Diabetes Type 2 takes years to develop, or so I've read. It began with tiny things. Like the fact I seemed thirsty all the time no matter what I drank and spent enough time in the bathroom to read all the Harry Potter books. Twice. Tiny little cuts and bruises took forever to heal and when I caught a cold it lasted on average two months, even when I took antibiotics. More than that, I was tired all the time, even on days when I got a minimum of nine hours sleep. I kept drinking sugary soda loaded with caffeine, hoping it would help and couldn't figure out why I still felt exhausted. I ate too much fast food at work because it was cheap and convenient. Chocolate, ice cream and cakes or pies were constant companions. Exercise? I hated it. I ignored all the signs either because I didn't recognize them for what they were or I didn't want to.

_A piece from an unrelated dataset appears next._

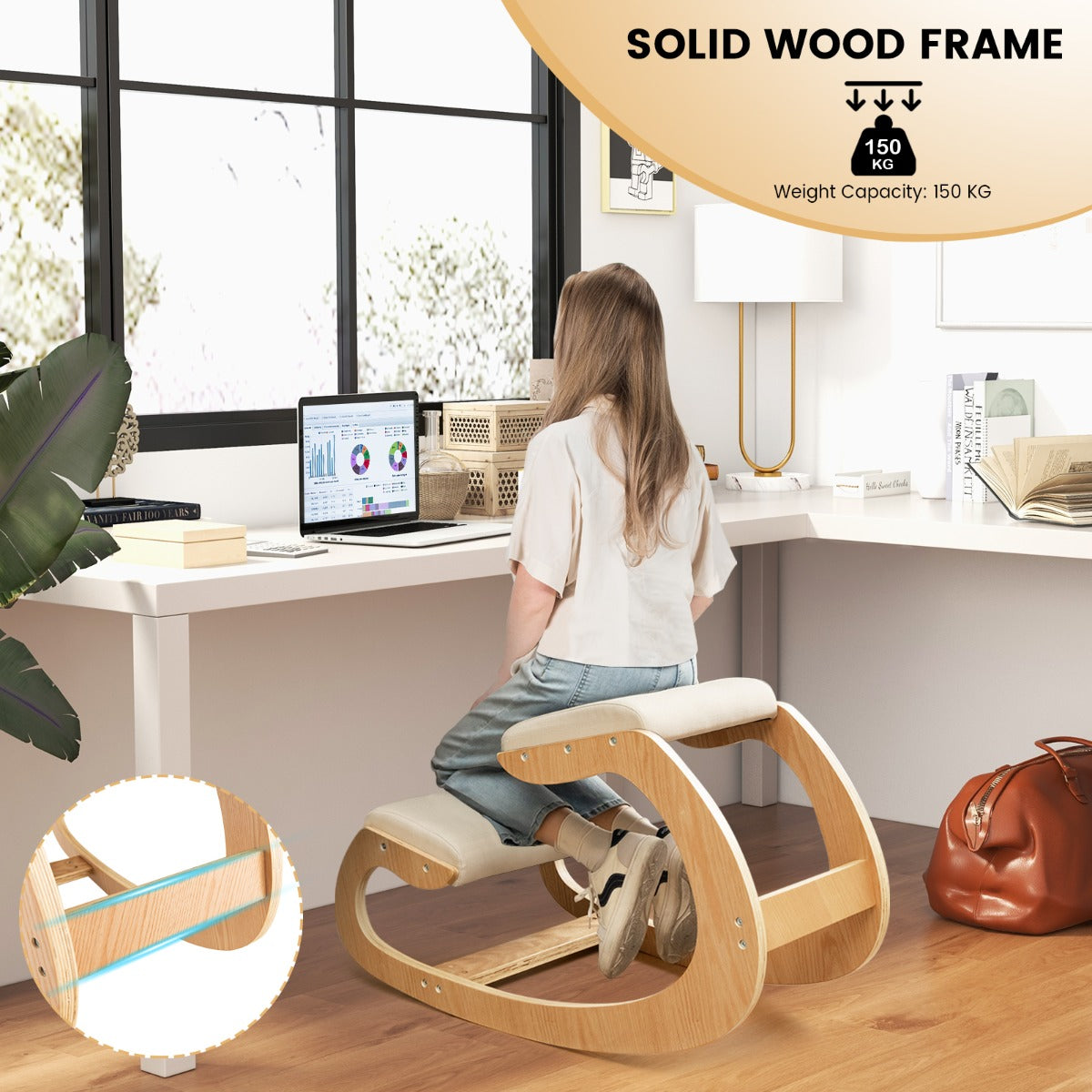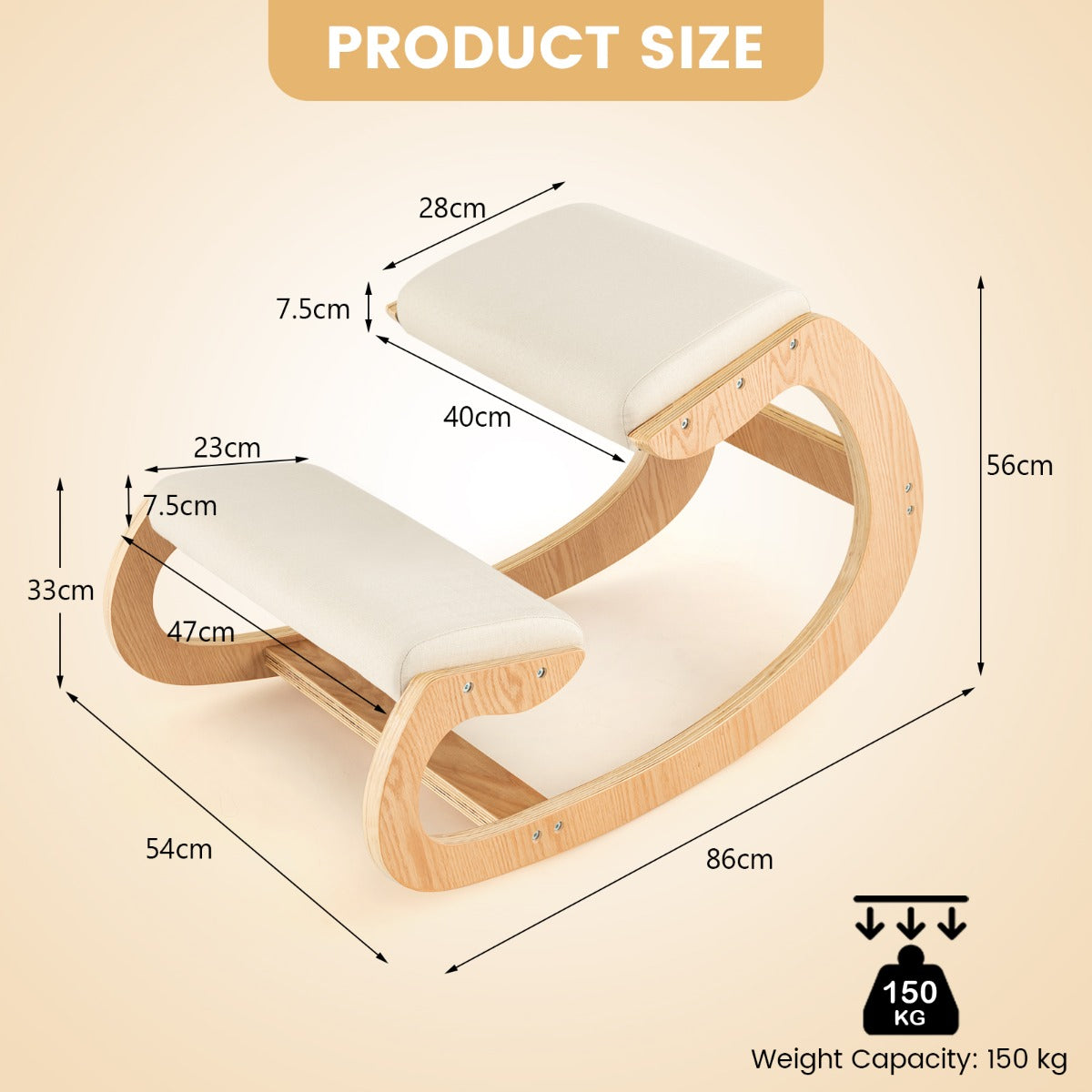 Such an ergonomic kneeling chair will surely make your life more comfortable! The rocking knee chair can keep your back upright and improve your poor sitting posture, helping you alleviate back fatigue after sedentary working. The curved base ensures smooth back-and-forth motion to improve concentration and relieve stress. For a better user experience, high-density sponge-padded seats and breathable polyester fabric upholstery offer a sense of comfort when sitting on the chair. Besides, a solid wood frame leaves you no worry about load-bearing capacity and reliability. Bring this ergonomic kneeling chair home which strikes the perfect balance between functionality and stylish design. BulletPoint: Ergonomic Kneeling Chair: The kneeling chair can keep your back in an aligned and upright posture, reducing pressure on the spine and relieving back and neck pain. In this way, the ergonomic kneel chair can improve your sitting posture and allow you to work in an active & healthy way. Curved Base for Flexible Rocking: The curved rocking base makes it flexible to sway the kneeling chair back and forth. More, the rocking motion increases blood circulation and reduces fatigue caused by long periods of sitting. Solid Wood Frame: Supported by a solid wood frame, the kneeling chair takes advantage of great sturdiness, lasting durability and 150 kg strong weight capacity. Besides, the solid connection can be seen in its premium hardware, which effectively gets rid of wobbling or tilting. Upholstered Seat for Comfort: The thick upholstered cushion is filled with a high-density sponge, providing you with a comfortable sitting experience. Plus wrapped in soft and breathable polyester fabric, the kneeling chair adds a sense of relaxation. Versatile Use and Easy to Assemble: This rocking posture chair combines aesthetic beauty with great practicality, making it ideal for home and office. By the way, all necessary accessories are tightly wrapped and given a number to simplify the assembly process. Features: Sitting on the kneeling chair to keep an upright posture Effectively relieve fatigue, reduce stress and alleviate back neck pain The rocker base keeps enhanced balance and avoids rollover protection Solid wood frame is not easy to crack and prevents uniform strength Thick sponge-padded seat for a comfortable sitting experience Polyester fabric upholstery with a skin-friendly touch and good softness Ideal for office workers, teenagers, students, etc Complete accessories and a clear user guide for easy assembly Specifications: Colour: Black/Beige Material: Solid Wood, Sponge, Polyester Fabric Overall Dimension: 54 x 86 x 56 cm(L x W x H) Dimension of Seat Cushion: 40 x 28 x 7.5 cm(L x W x H) Dimension of Knee Cushion: 47 x 23 x 7.5 cm(L x W x H) Height from Knee Cushion to Ground: 33 cm Net Weight: 8 kg Weight Capacity: 150 kg Package Includes: 1 x Kneeling Chair 1 x User Guide Box Qty:1(May vary by batch)

It should not have been such a surprise. My paternal aunt is a diabetic and has been nearly all the time I've known her. I was never as active or athletic as some of my siblings so I wasn't outside playing as much as I should have. One of my sisters was gestational and then borderline diabetic until she got the disease under control. But I didn't want to think I could get diabetes. I deluded myself into thinking, "It can't happen to me", even as I got dizzy spells at work from the after meal carbohydrate crash or a decrease in desire for my wonderful boyfriend. I attributed it to age and weight gain. Looking back it was incredibly obvious and I wish I'd started sooner.
I work in the mall and always arrive thirty minutes early. I could have walked laps with the mall walkers. Perhaps I could have prevented diabetes, perhaps not, but I could have tried. But I didn't.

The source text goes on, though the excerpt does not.